TASK INSTRUCTIONS: Print every one of the records verbatim, omitting nothing.

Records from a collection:
# # # # # # #
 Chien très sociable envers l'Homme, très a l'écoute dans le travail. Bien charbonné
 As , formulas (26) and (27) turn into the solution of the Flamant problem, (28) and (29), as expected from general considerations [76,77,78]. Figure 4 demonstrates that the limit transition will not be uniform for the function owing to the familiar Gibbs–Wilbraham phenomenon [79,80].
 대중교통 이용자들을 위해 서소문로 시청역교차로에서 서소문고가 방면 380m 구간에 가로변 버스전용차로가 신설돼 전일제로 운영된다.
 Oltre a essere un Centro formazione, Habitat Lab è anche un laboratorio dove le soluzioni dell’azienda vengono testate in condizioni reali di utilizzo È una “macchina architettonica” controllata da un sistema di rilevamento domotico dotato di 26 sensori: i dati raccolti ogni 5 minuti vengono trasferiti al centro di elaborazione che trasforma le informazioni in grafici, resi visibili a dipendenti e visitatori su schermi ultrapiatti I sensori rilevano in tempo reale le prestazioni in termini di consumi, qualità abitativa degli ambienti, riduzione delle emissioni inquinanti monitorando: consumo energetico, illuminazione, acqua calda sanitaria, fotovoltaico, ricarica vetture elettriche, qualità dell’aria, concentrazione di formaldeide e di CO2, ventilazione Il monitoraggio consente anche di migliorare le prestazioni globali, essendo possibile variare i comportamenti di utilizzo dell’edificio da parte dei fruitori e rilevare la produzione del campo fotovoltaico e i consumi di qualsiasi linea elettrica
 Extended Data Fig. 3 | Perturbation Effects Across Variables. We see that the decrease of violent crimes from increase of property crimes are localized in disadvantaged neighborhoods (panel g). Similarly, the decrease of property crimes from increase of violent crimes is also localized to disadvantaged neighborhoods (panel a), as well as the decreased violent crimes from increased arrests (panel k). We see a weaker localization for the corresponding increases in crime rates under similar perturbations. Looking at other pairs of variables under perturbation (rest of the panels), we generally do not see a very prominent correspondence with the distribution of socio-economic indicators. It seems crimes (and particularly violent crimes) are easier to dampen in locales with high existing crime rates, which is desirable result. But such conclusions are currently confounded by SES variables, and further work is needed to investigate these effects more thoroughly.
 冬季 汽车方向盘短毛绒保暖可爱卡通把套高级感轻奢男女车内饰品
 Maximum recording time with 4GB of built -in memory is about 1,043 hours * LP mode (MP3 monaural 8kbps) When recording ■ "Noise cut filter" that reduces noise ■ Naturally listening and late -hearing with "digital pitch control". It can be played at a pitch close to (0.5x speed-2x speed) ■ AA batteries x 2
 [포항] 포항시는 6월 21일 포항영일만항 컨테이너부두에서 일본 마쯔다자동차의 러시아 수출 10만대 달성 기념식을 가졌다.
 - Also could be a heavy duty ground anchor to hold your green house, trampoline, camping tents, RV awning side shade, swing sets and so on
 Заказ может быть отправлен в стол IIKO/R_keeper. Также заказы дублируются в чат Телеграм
# # # # # # #
TASK ANSWER:
 Chien très sociable envers l'Homme, très a l'écoute dans le travail. Bien charbonné
 As , formulas (26) and (27) turn into the solution of the Flamant problem, (28) and (29), as expected from general considerations [76,77,78]. Figure 4 demonstrates that the limit transition will not be uniform for the function owing to the familiar Gibbs–Wilbraham phenomenon [79,80].
 대중교통 이용자들을 위해 서소문로 시청역교차로에서 서소문고가 방면 380m 구간에 가로변 버스전용차로가 신설돼 전일제로 운영된다.
 Oltre a essere un Centro formazione, Habitat Lab è anche un laboratorio dove le soluzioni dell’azienda vengono testate in condizioni reali di utilizzo È una “macchina architettonica” controllata da un sistema di rilevamento domotico dotato di 26 sensori: i dati raccolti ogni 5 minuti vengono trasferiti al centro di elaborazione che trasforma le informazioni in grafici, resi visibili a dipendenti e visitatori su schermi ultrapiatti I sensori rilevano in tempo reale le prestazioni in termini di consumi, qualità abitativa degli ambienti, riduzione delle emissioni inquinanti monitorando: consumo energetico, illuminazione, acqua calda sanitaria, fotovoltaico, ricarica vetture elettriche, qualità dell’aria, concentrazione di formaldeide e di CO2, ventilazione Il monitoraggio consente anche di migliorare le prestazioni globali, essendo possibile variare i comportamenti di utilizzo dell’edificio da parte dei fruitori e rilevare la produzione del campo fotovoltaico e i consumi di qualsiasi linea elettrica
 Extended Data Fig. 3 | Perturbation Effects Across Variables. We see that the decrease of violent crimes from increase of property crimes are localized in disadvantaged neighborhoods (panel g). Similarly, the decrease of property crimes from increase of violent crimes is also localized to disadvantaged neighborhoods (panel a), as well as the decreased violent crimes from increased arrests (panel k). We see a weaker localization for the corresponding increases in crime rates under similar perturbations. Looking at other pairs of variables under perturbation (rest of the panels), we generally do not see a very prominent correspondence with the distribution of socio-economic indicators. It seems crimes (and particularly violent crimes) are easier to dampen in locales with high existing crime rates, which is desirable result. But such conclusions are currently confounded by SES variables, and further work is needed to investigate these effects more thoroughly.
 冬季 汽车方向盘短毛绒保暖可爱卡通把套高级感轻奢男女车内饰品
 Maximum recording time with 4GB of built -in memory is about 1,043 hours * LP mode (MP3 monaural 8kbps) When recording ■ "Noise cut filter" that reduces noise ■ Naturally listening and late -hearing with "digital pitch control". It can be played at a pitch close to (0.5x speed-2x speed) ■ AA batteries x 2
 [포항] 포항시는 6월 21일 포항영일만항 컨테이너부두에서 일본 마쯔다자동차의 러시아 수출 10만대 달성 기념식을 가졌다.
 - Also could be a heavy duty ground anchor to hold your green house, trampoline, camping tents, RV awning side shade, swing sets and so on
 Заказ может быть отправлен в стол IIKO/R_keeper. Также заказы дублируются в чат Телеграм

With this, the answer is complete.